• **DATASET ENTRIES**:
○ ○ ○ ○
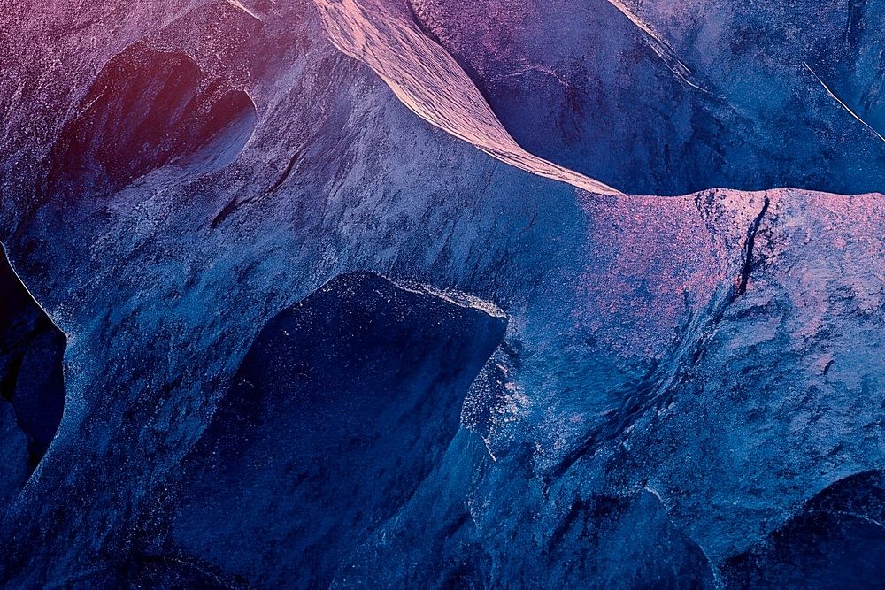Sanfte Lichtakzente tanzen über kraftvolle, wellenförmige Strukturen, die an eine mystische Landschaft erinnern. Die tiefen Blau- und Lilatöne verleihen dem Raum eine beruhigende Atmosphäre und laden zum Träumen ein. Perfekt für das Schlafzimmer, wo sie eine entspannende Oase der Ruhe schafft und zum Verweilen einlädt.
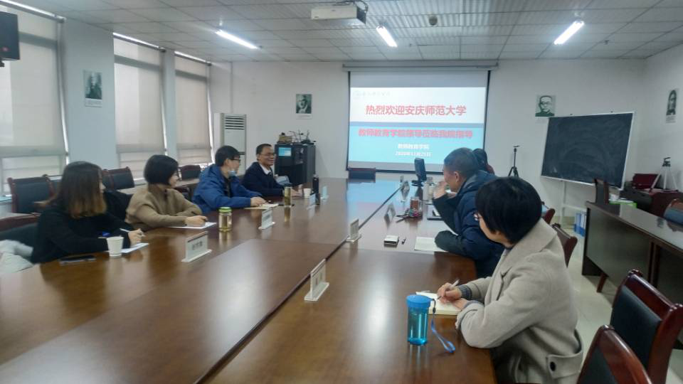 2020年11月25日上午,我院党委副书记许世平、小学教育专业负责人李义胜教授、王爱菊教授、赵雪微老师一人四人赴合肥师范学院教师教育学院开展业务交流学习活动。合肥师范学院教师教育学院党委书记穆娟、院长李群、副院长闫龙,以及小教专业部分教师参加了座谈。
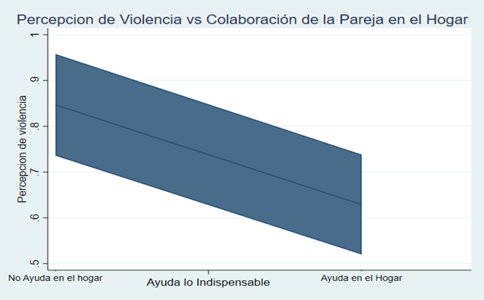 Respecto a la correlación con la variable “el hombre ayuda en el hogar”, se encontró que aquellas mujeres que ven a un hombre que colabora en el hogar, hace que su percepción de la violencia disminuya; esto debido a que el involucramiento del hombre en el hogar lo perciben como un factor protector, pues los hombres que ayudan en el hogar tienden a ser menos violentos (figura 4).
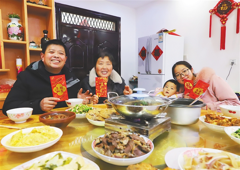 在安徽省肥西县官亭镇一户居民家里,祖孙三代人在年夜饭饭桌上合影留念。
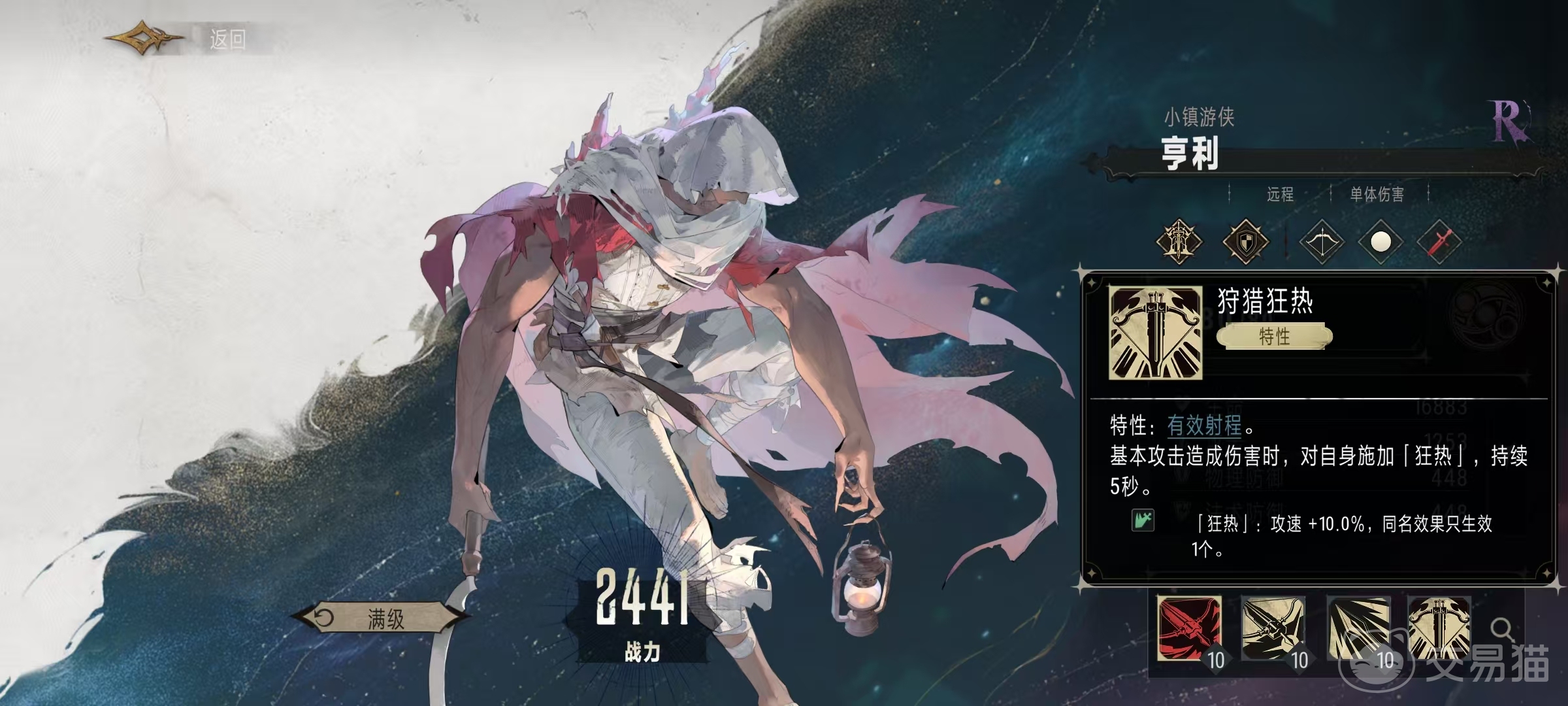 亨利还具有一个特性狩猎狂热,这个特性为有效射程,也就是当造成伤害的时候会根据射程以及目标的远近,来判断不同伤害加成,距离越远造成的伤害也就越高,距离越近造成的伤害越低,上下会有50%的浮动。所以说如果能选对攻击目标,达到较远的程度,伤害加成所带来的优势也是比较明显的。另外这个特性还在基本攻击造成伤害时,会自身施加一个狂热效果,持续5秒钟,狂热状态下攻速可以增加10%,同名效果只生效一个。这就意味着除了狂热之外,还可以享受到其他攻速加成技能所带来的提升。
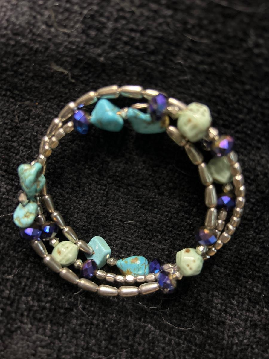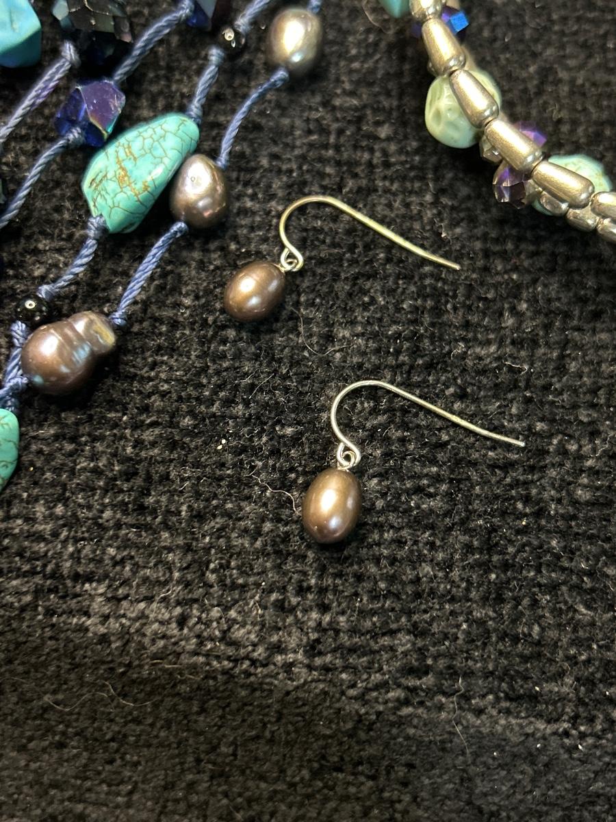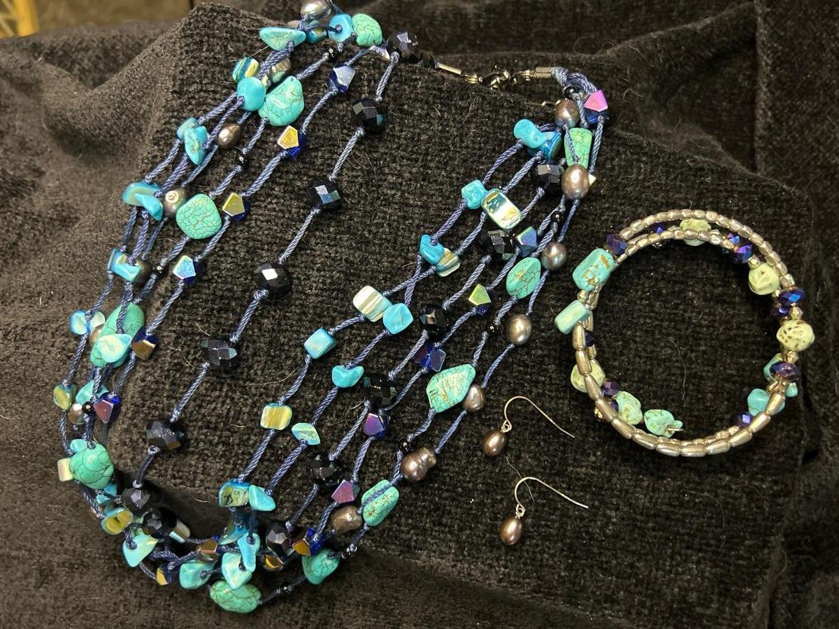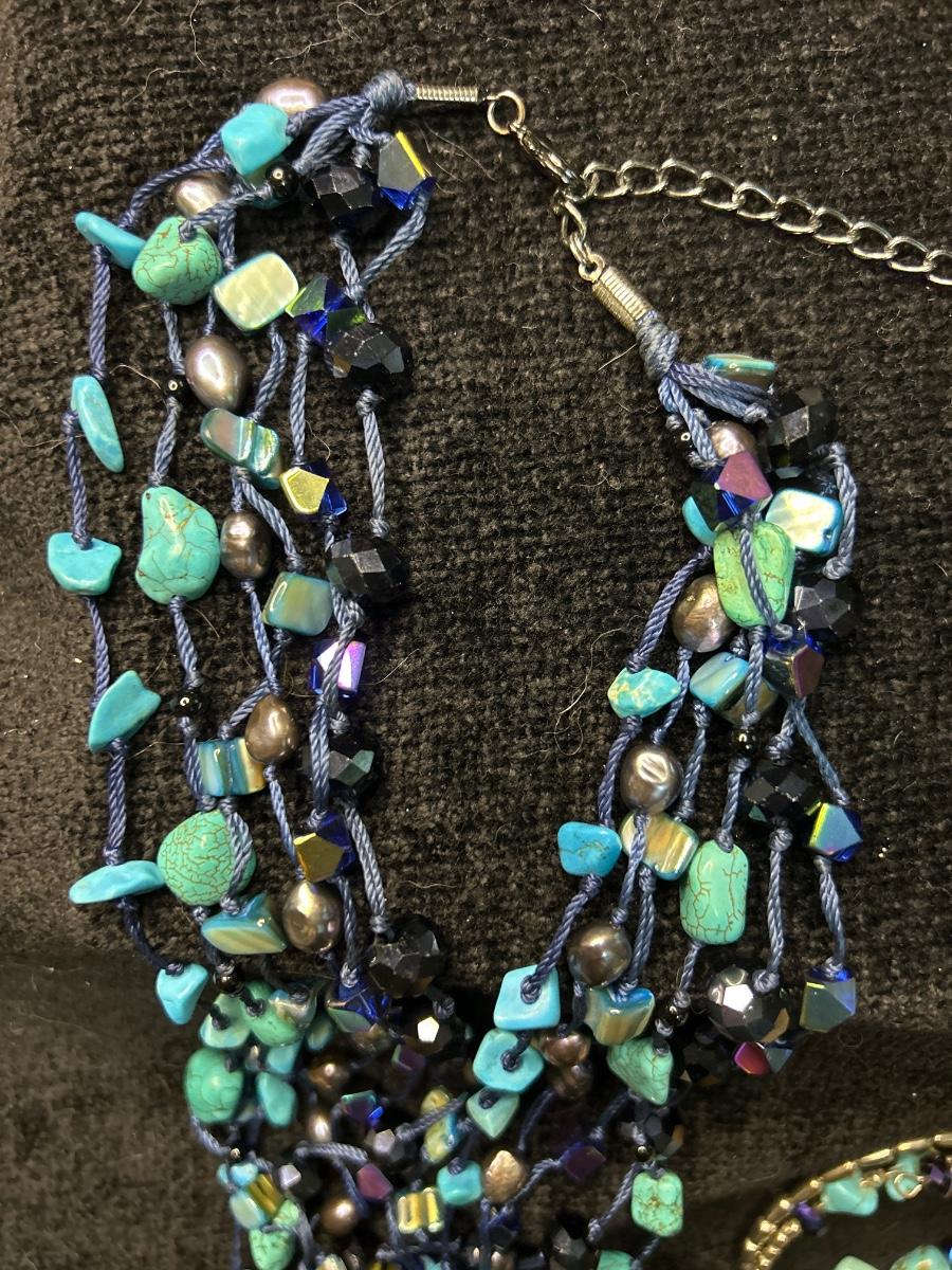 The necklace is six strands very pretty with real pearls. The earrings are also real pearl.
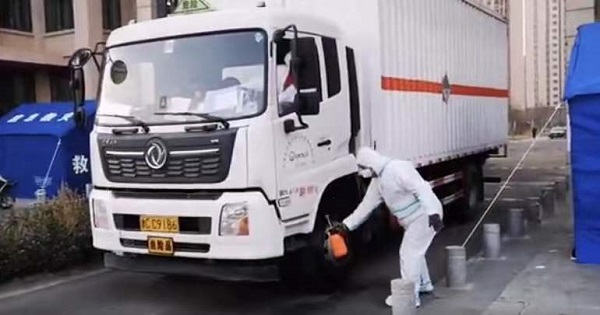 為防疫車(chē)輛進(jìn)行消殺。天津市紀(jì)委監(jiān)委供圖
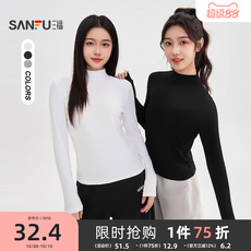 三福长袖T恤2025新款秋季半高领内搭打底衫修身显瘦黑色上衣女装
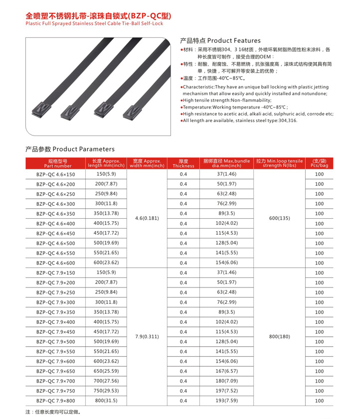 Plastic Full Sprayed Stainless Steel Cable Tie-Ball Self-Lock
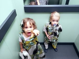 I was glad when we got home at 4:15 but was also very tired. And Tammy hadn't even slept once! We decided to go ahead with dinner and put them to bed early. And so they stood on the chairs in the kitchen with me, as always, while I got their dinner ready. From the dining room table they went into the bathtub. By now Emmy was already so cranky and tired, he was just crying and came out of the water early. By 5:30 they were all in bed and fell asleep rather fast.
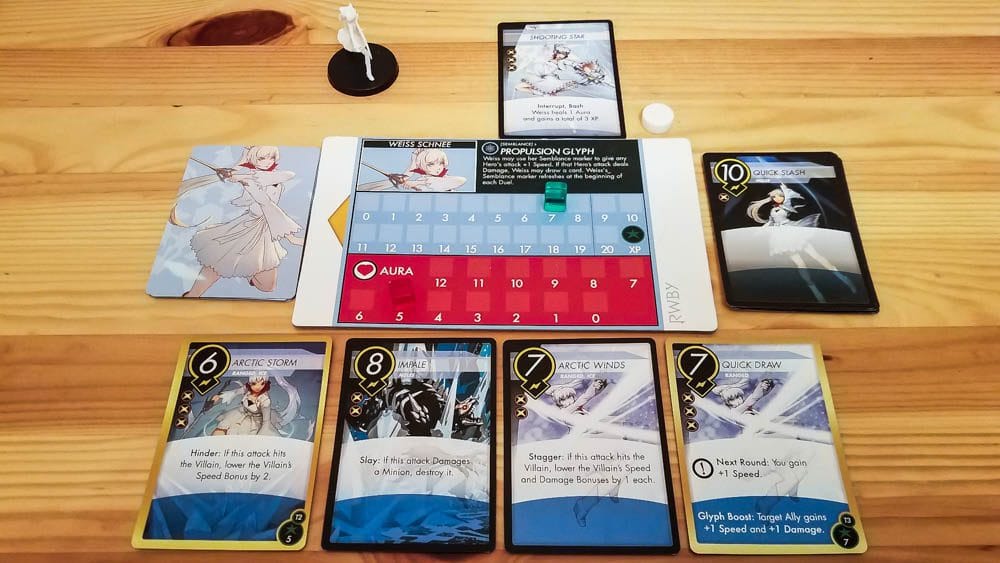 The three stats that matter for all characters in RWBY: Combat Ready are Speed, Damage, and Aura (health). During every round of a duel, you’ll be comparing the speed of your attacks (plus modifiers) to the speed of whoever you’re fighting and the highest speed wins that round. Whoever wins the duel deals their damage to whoever they’re fighting. Whenever a hero or enemy’s Aura is brought down to zero, they are out of the game.
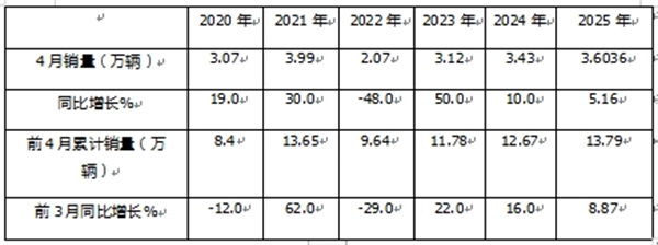 ---今年前4月累计销量为13.79万辆,居近6年同期最高,居于较好水平。
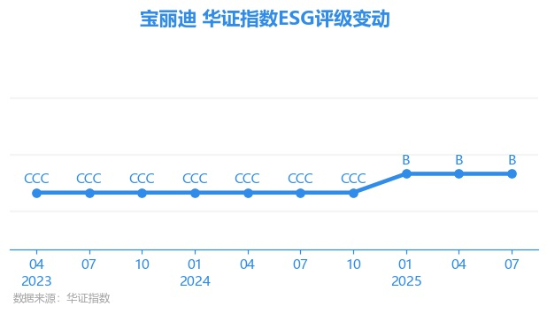 日前,华证指数公布了新一期(2025年7月31日)的ESG评级结果,宝丽迪(300905.SZ)获得B评级(华证指数评级为C起至AAA九档,C为最低档,AAA为其最高一级评级/AA为其第二档),上一期(2025年4月30日)ESG评级为B。本期ESG评级在462家化学制品行业A股上市公司中排名第191(上一期排名第194)。
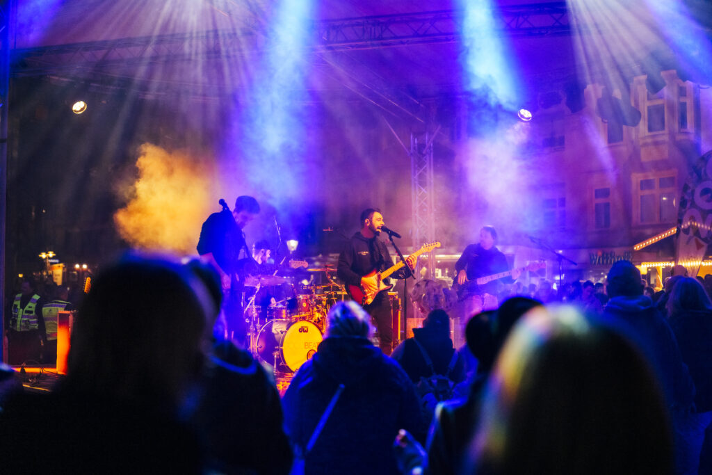 Der neue „Gütersloher Feierabend – Sunset Markt“ feierte ab März Premiere auf dem Konrad-Adenauer-Platz. Unter wechselnden Themen wie „Lagerfeuer“, „Karaoke“ und „Reggae“ bot der Markt eine Plattform für ent- spanntes Beisammensein, gutes Essen, Getränke und Live-Musik. Die Veran- staltung wurde schnell zum beliebten Treffpunkt zum Wochenend-Ausklang
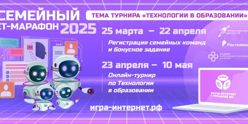 Соревнования пройдут на сайте интерактивного образовательного проекта «Изучи интернет – управляй им» до 10 мая, регистрация семейных команд открыта до 22 апреля.
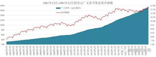 基本上保持着10年翻一番的速度,归根结底,1971-1982年的大滞胀是对美元1962年以来持续无锚印钞的反映,在整个社会货币乘数没有变小、甚至是在变大的情况下,基础货币数量的成倍增加,带来的当然只可能是通胀。
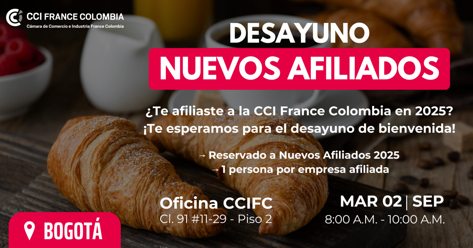 La CCI France Colombia a le plaisir de convier ses nouveaux affiliés 2025 à un petit-déjeuner de bienvenue, le mardi 2 septembre 2025, dans nos bureaux à Bogotá.
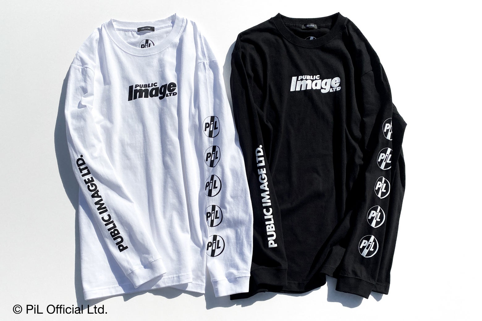 右袖に「PUBLIC IMAGE LTD」を、左袖にバンドを象徴するロゴを並べたシンプルかつ印象的なデザインに。
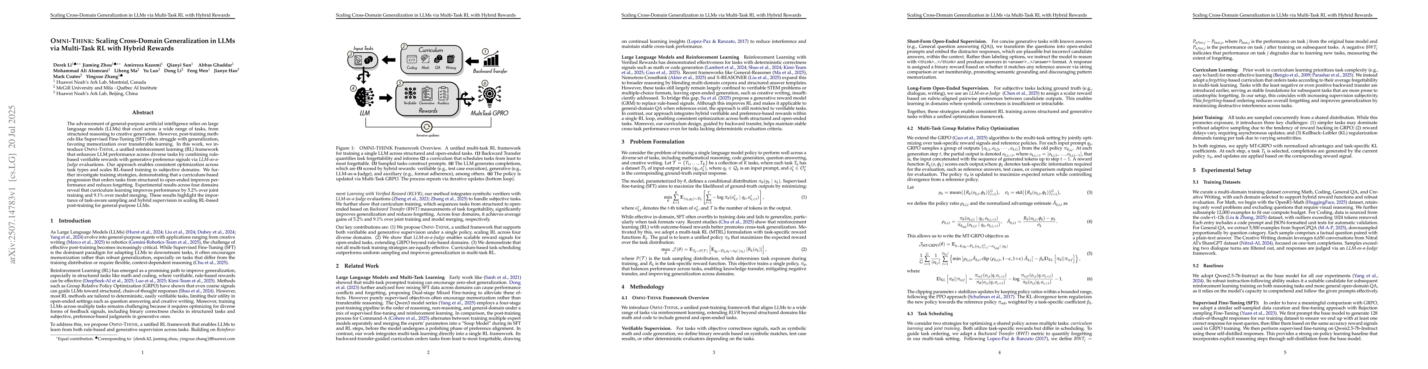 The research introduces Omni-Think, a reinforcement learning framework that improves large language models' (LLMs) performance across various tasks by merging rule-based rewards with generative preferences. This hybrid approach, combined with a curriculum-based task ordering, enhances generalization and reduces forgetting, leading to a 5.2% performance improvement over joint training and 9.1% over model merging across four domains.
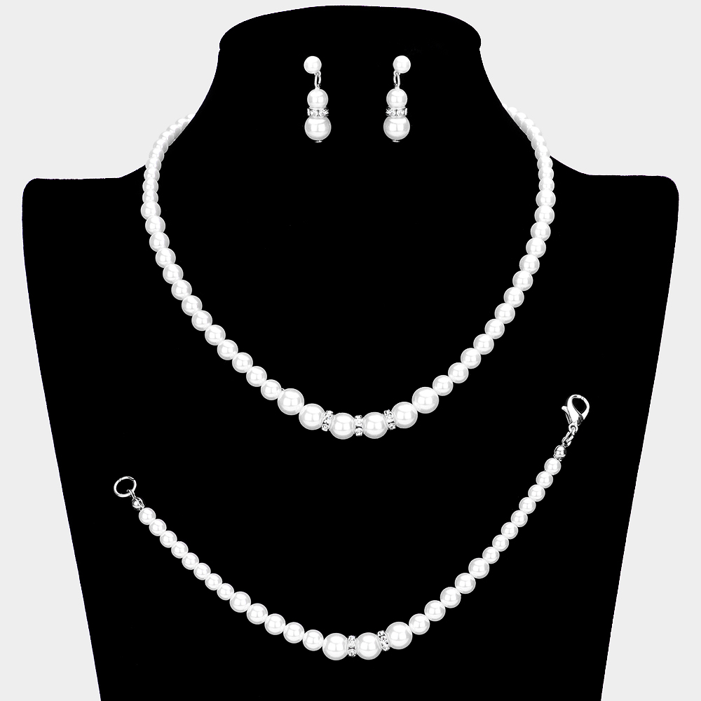 3PCS Crystal Detail Pearl Necklace Jewelry Set
○ ○ ○ ○
• **YOUR TASK**:
Copy exactly, and only, the lines from the first line of the material through the line that contains "2020年11月25日上午,我院党委副书", both ends kept; no pictures.

• **SOLUTION**:
Sanfte Lichtakzente tanzen über kraftvolle, wellenförmige Strukturen, die an eine mystische Landschaft erinnern. Die tiefen Blau- und Lilatöne verleihen dem Raum eine beruhigende Atmosphäre und laden zum Träumen ein. Perfekt für das Schlafzimmer, wo sie eine entspannende Oase der Ruhe schafft und zum Verweilen einlädt.
 2020年11月25日上午,我院党委副书记许世平、小学教育专业负责人李义胜教授、王爱菊教授、赵雪微老师一人四人赴合肥师范学院教师教育学院开展业务交流学习活动。合肥师范学院教师教育学院党委书记穆娟、院长李群、副院长闫龙,以及小教专业部分教师参加了座谈。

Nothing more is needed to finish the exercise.